[R-pkg-devel] Guidelines on use of snow-style clusters in R packages?

Sun May 24 16:21:47 CEST 2020

Some of the packages I use make it possible to run some of the
computations in parallel. For example, sNPLS::cv_snpls calls
makeCluster() itself, makes sure that the package is loaded by workers,
exports the necessary variables and stops the cluster after it is
finished. On the other hand, multiway::parafac accepts arbitrary
cluster objects supplied by user, but requires the user to manually
preload the package on the workers. Both packages export and document
the internal functions intended to run on the workers.

Are there any guidelines for use of snow-style clusters in R packages?

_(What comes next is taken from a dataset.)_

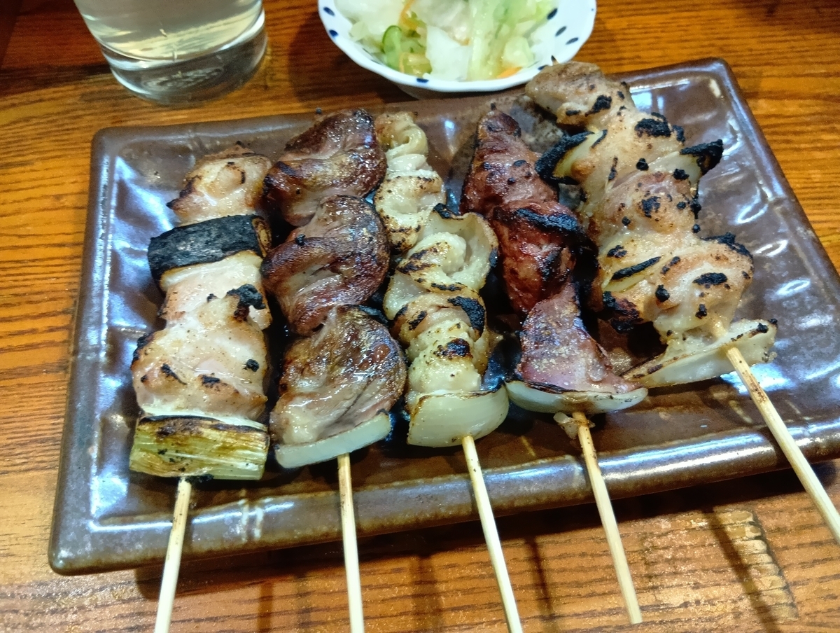 焼き鳥、塩で盛り合わせ
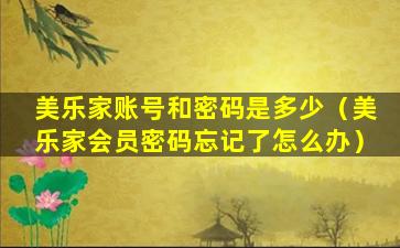 很抱歉,我无法提供任何个人的账号和密码信息,包括美乐家的账号和密码。账号和密码是个人隐私信息,应当由用户本人妥善保管,不应向他人透露,包括在网络上询问或分享。

I
remember reading somewhere that accepting arbitrary cluster objects from
the user instead of makeCluster(detectCores()) is generally considered
a good idea (for multiple reasons ranging from giving the user more
control of CPU load to making it possible to run the code on a number
of networked machines that the package code knows nothing about), but I
couldn't find a reference for that in Writing R Extensions or parallel
package documentation.

What about preloading the package on the workers? Are there any
downsides to the package code unconditionally running clusterEvalQ(cl,
library(myself)) to avoid disappointing errors like "10 nodes produced
errors; first error: could not find function"?

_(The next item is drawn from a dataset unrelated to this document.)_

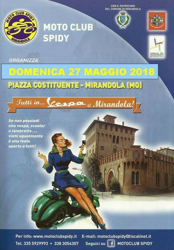 Nella giornata di domenica 27 maggio si svolgerà “Tutti in Vespa a Mirandola”, raduno nazionale a cura del Moto Club Spidy col patrocinio del Comune di Mirandola.
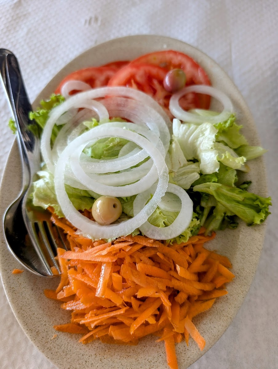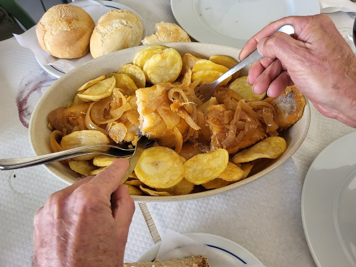 The menu doesn't stop there, though. The Salad served alongside these main dishes is fresh and crisp, offering the ideal balance to the rich flavors of the Portuguese classics. And for dessert, you can’t miss the Tarta de la Abuela, a traditional Portuguese dessert that's rich, sweet, and a perfect way to end your meal on a high note.

Speaking of private functions intended to run by the package itself on
the worker nodes, should they be exported? I have prepared a test
package doing little more than the following:

R/fun.R:
private <- function(x) paste(x, Sys.getpid())
public <- function(cl, x) parallel::parLapply(cl, x, private)

NAMESPACE:
export(public)

The package passes R CMD check --as-cran without warnings or errors,
which seems to suggest that exporting worker functions is not required.

-- 
Best regards,
Ivan